__Description of the task__.
Set down precisely the lines from the line with "Erkek Aşçı Ceket 01 - Beyaz Siyah Biye" through the end of the material, inclusive, and no pictures.

__Raw data__.
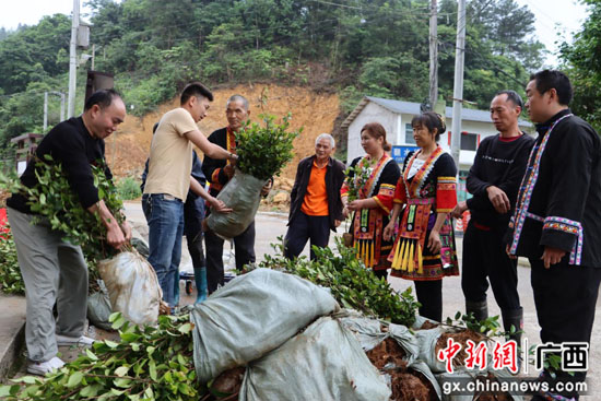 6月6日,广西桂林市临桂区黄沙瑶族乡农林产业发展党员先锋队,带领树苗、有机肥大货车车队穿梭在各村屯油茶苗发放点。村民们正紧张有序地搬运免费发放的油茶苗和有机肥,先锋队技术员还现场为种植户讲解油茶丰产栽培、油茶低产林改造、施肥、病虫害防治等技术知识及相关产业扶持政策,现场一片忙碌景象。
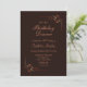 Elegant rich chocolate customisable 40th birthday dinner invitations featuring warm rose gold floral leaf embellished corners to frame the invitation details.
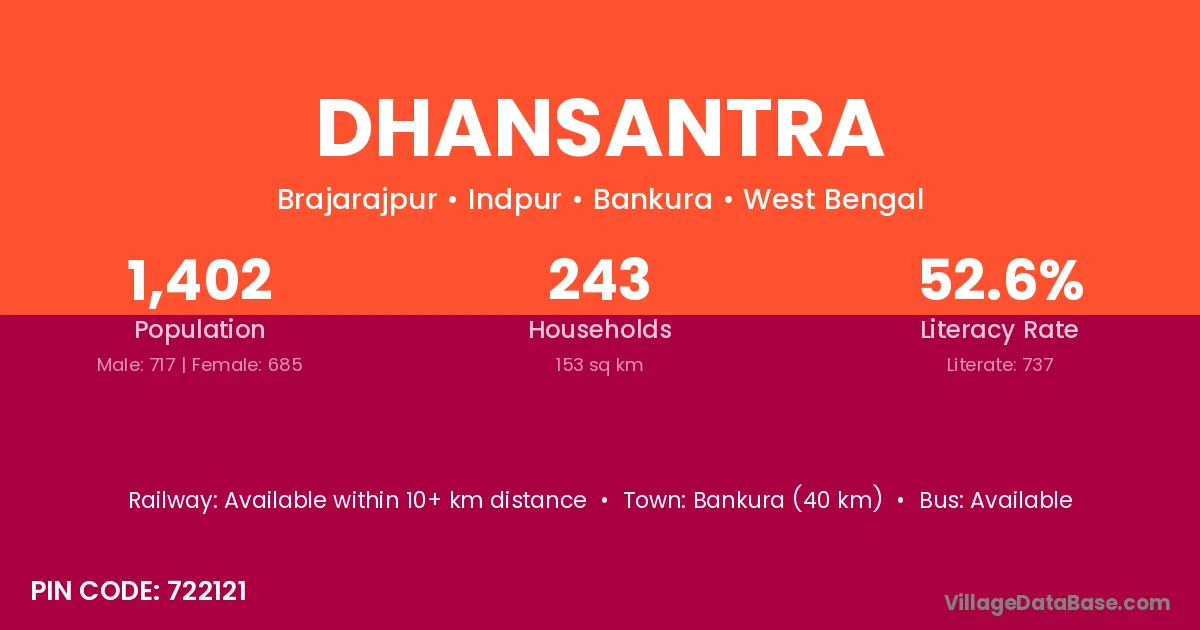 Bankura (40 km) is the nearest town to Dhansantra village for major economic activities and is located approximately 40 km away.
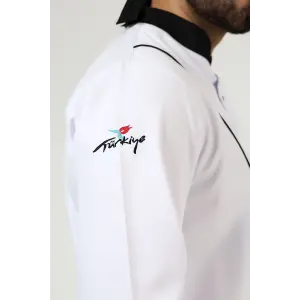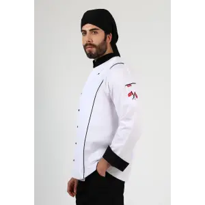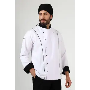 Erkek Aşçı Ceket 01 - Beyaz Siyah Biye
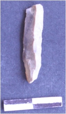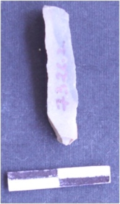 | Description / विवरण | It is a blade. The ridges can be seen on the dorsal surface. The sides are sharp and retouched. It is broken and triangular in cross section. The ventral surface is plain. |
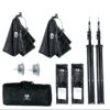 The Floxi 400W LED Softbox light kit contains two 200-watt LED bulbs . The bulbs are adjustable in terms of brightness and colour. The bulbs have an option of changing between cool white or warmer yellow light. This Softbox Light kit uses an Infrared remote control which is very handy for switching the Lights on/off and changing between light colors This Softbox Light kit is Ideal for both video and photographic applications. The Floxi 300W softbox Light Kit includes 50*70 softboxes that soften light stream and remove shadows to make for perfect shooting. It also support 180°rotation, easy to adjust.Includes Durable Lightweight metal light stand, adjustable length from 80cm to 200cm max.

__Reply__.
 Erkek Aşçı Ceket 01 - Beyaz Siyah Biye
 | Description / विवरण | It is a blade. The ridges can be seen on the dorsal surface. The sides are sharp and retouched. It is broken and triangular in cross section. The ventral surface is plain. |
 The Floxi 400W LED Softbox light kit contains two 200-watt LED bulbs . The bulbs are adjustable in terms of brightness and colour. The bulbs have an option of changing between cool white or warmer yellow light. This Softbox Light kit uses an Infrared remote control which is very handy for switching the Lights on/off and changing between light colors This Softbox Light kit is Ideal for both video and photographic applications. The Floxi 300W softbox Light Kit includes 50*70 softboxes that soften light stream and remove shadows to make for perfect shooting. It also support 180°rotation, easy to adjust.Includes Durable Lightweight metal light stand, adjustable length from 80cm to 200cm max.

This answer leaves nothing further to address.